–Adds Comments By German Lawmaker To Story Sent At 09:06 GMT

FRANKFURT (MNI) – The European Union should lower interest rates on
loans to Greece and Ireland and double Greece’s repayment period, in the
view of EU Monetary Affairs Commissioner Olli Rehn.

In an interview published Monday by the German business daily
Handelsblatt, Rehn reminded EU leaders that the markets are looking for
“a definitive answer to the debt crisis” to emerge from their summits
this month.

“If we disappoint market expectations, it could be costly for us,”
he warned. The turbulence on financial markets “is continuing. We are
not out of the woods yet.”

Rehn’s comments were accompanied Monday by a stark reminder:
Moody’s downgraded Greece’s sovereign debt to B1 from BA1, citing the
country’s difficulty in collecting tax revenue; the long, hard road it
faces in implementing its consolidation and reform package; and the risk
of a sovereign default.

“The government leaders must commit to strict budget consolidation
and growth-enhancing reforms, especially for labor markets,” Rehn said.
“They must also decide that all wobbly banks will be restructured and
recapitalized. In addition, they must strengthen the euro rescue
package.”

The new Irish government must stick to the savings and reform
program agreed with the Eurozone and the IMF — “without modification,”
Rehn insisted. “However, we must also ensure that Ireland can repay its
debt over time.”

“The Eurozone should lower the borrowing rates for Greece and
Ireland,” he argued. “In addition, the duration of loans for Greece
should be extended from three and a half years to seven.”

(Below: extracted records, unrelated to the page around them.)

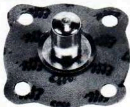
3196 Membrana pompa (h 12,8 \phi 26)
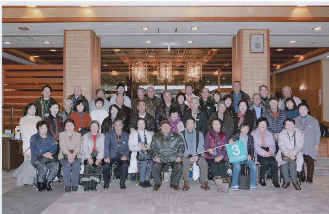
和歌山電商友の会 平成29年1月29日 於 越中 金太郎温泉
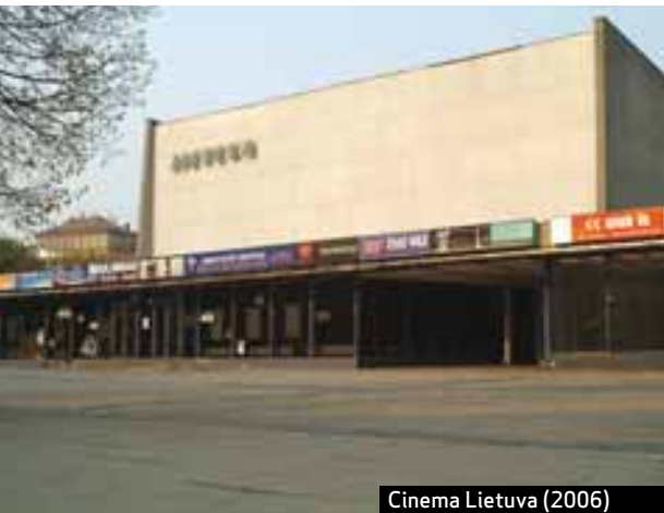
Cinema Lietuva (2006)

Des de la proclamació de la seva independència el 1990, Lituània s'ha vist atrapada en una voràgine de privatitzacions, promocions immobiliàries i demolicions. Com en el període d'apropiació de terres que va tenir lloc a l'Oest Llunyà o en l'època de la febre de l'or, els especuladors i magnats de la indústria immobiliària han unit forces amb els buròcrates municipals corruptes per reconstruir el país a un ritme delirant. L'únic motiu n'ha estat el benefici econòmic. El seu mètode és simple: explicar a la població que en l'economia de mercat tot s'hi val; convèncer-los que el capital és l'amo i senyor; recordar al poble que el fet que Lituània sembli una gran ciutat capitalista és la millor manera d'esborrar el passat soviètic... i aconseguir que el país atregui encara més inversions i promocions immobiliàries.
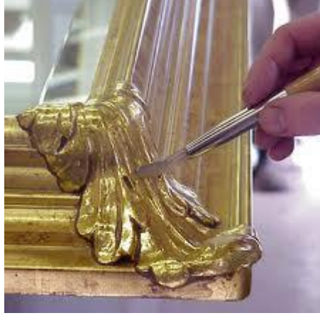
Resim 3.6: Örnek uygulama parçası

Varaklı eserlerin bakım ve onarımını aşağıda Resim 3.6’da verilen parça üzerinde birlikte yapalım.
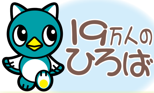
八千代市イメージキャラクター「やち」
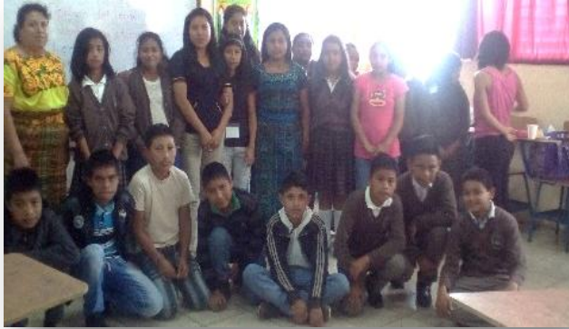
Fotografía No. 14
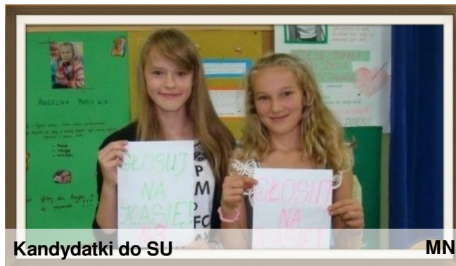
Kandydatki do SU

Teraz przyszła pora na spełnianie obietnic przedwyborczych - czekamy z niecierpliwością na kolorowe dni, dzień pluszowego misia, szczęśliwy numerek, liczne konkursy i dyskoteki, które pojawiły się w programach wyborczych kandydatów. Życzymy powodzenia!
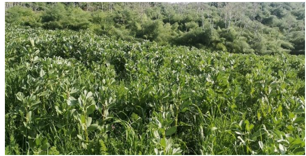
Azienda Vassallo (Campobello di Licata, AG) – Prova di avvicendamento: favino
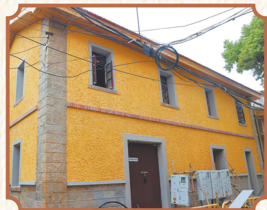
▲开闭所在外观设计上也下了不少功夫,融入街巷后风貌焕然一新。
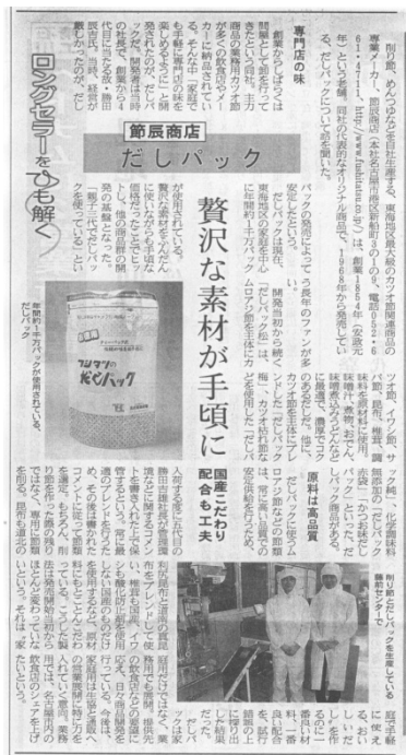
2011年12月27日 中部経済新聞「ロングセラーをひも解く」に弊社のだしパックが「40年のロングセラー商品」として紹介されました。
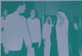
صاحب السمو الحاكم العظم في استقبال سفارة الطقم السياسي البريطاني في البحرين وسفارة المحند السياسي البريطاني في دبي .
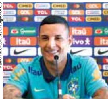
Arana espera brilhar com a amarelinha

“Temos um grupo jovem, contra o México começamos bem. Depois, pela falta de entrosamento, o clima quente, caímos,
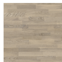
Shade Oak Misty Grey TreS
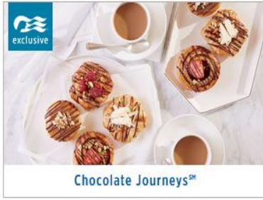
Chocolate Journeys SM
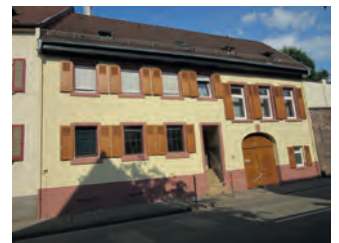
Bild: Ein wahres Schmuckstück ist das Anwesen Bruchsaler Straße 12

Es werden Deutsch- und Computerkurse angeboten und zwanglose Begegnungsabende zwischen Weingartenern und Flüchtlingen. Ein zentraler Ort wird die Küche sein, die von Helfern des Freundeskreises mit viel Eigenleistung und gespendeten Teilen umgebaut wurde. Hier bekommen Flüchtlinge Gelegenheiten, die Speisen Ihrer Heimat zu kochen und zum Probieren anzubieten.
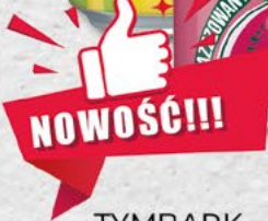
TYMBARK napoje; różne smaki; 0,33 l
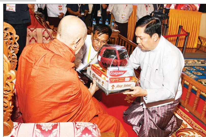
နိုင်ငံတော်စီမံအုပ်ချုပ်ရေးကောင်စီအဖွဲ့ဝင် ဒုတိယဗိုလ်ချုပ်ကြီး မိုးမြင့်ထွန်း ဆရာတော်ကြီးထံ လှူဖွယ်ပစ္စည်းများ ဆက်ကပ်လှူဒါန်းစဉ်။
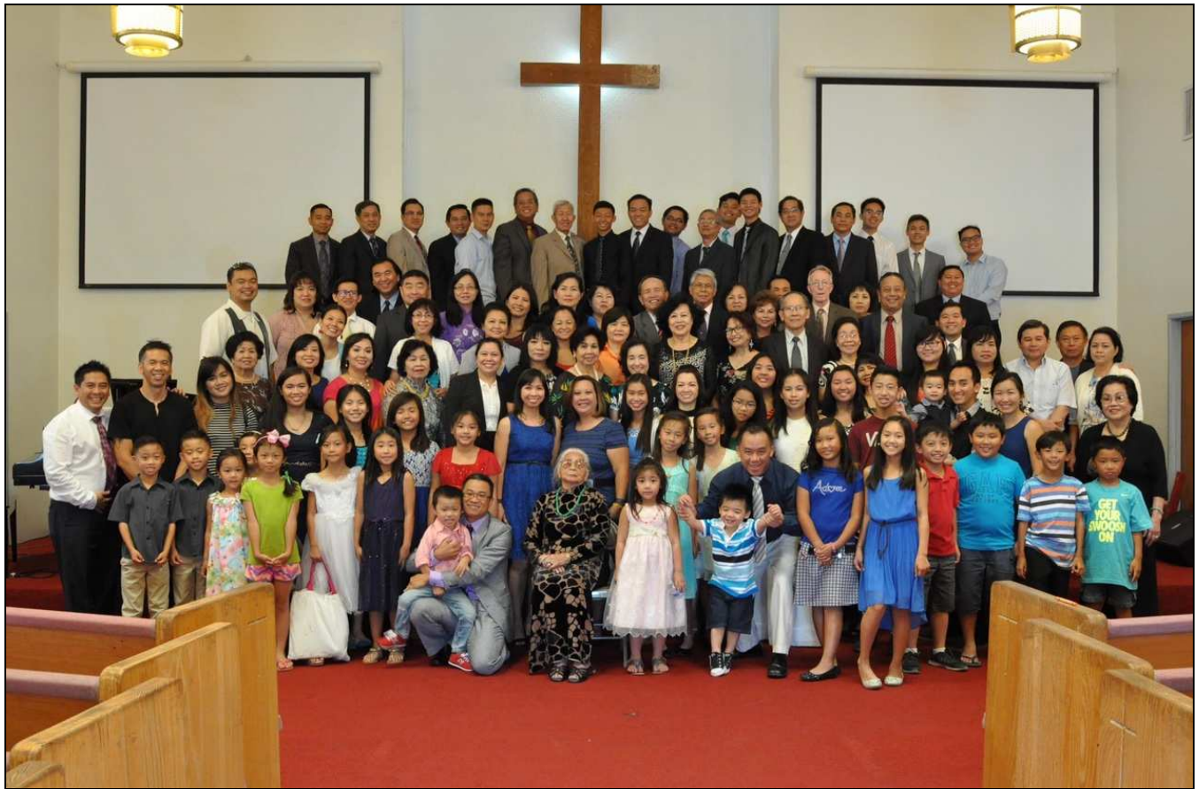
Hội Thánh NORTH HOLLYWOOD California, USA

The commissioner reiterated his opposition to haircuts on debts of
the two countries, warning that this could force banks to write off
billions in loans and lead to “dramatic” losses for sovereign debt of
other Eurozone countries.

He urged the German parliament to rethink its opposition to
allowing the European Financial Stability Facility (EFSF) to buy back
government bonds, citing the “great risks” that several Eurozone
governments are facing and the eventual fallout for Germany.

Klaus-Peter Flosbach, the parliamentary financial speaker of
Chancellor Angela Merkel’s CDU/CSU bloc, told the online edition of
Handelsblatt today that the EFSF mandate should not be broadened.

“I think it would be wrong to widen the authority of the crisis
mechanism and thereby shift the risks from an unsound economic policy
ever more to the taxpayer,” Flosbach was quoted as saying.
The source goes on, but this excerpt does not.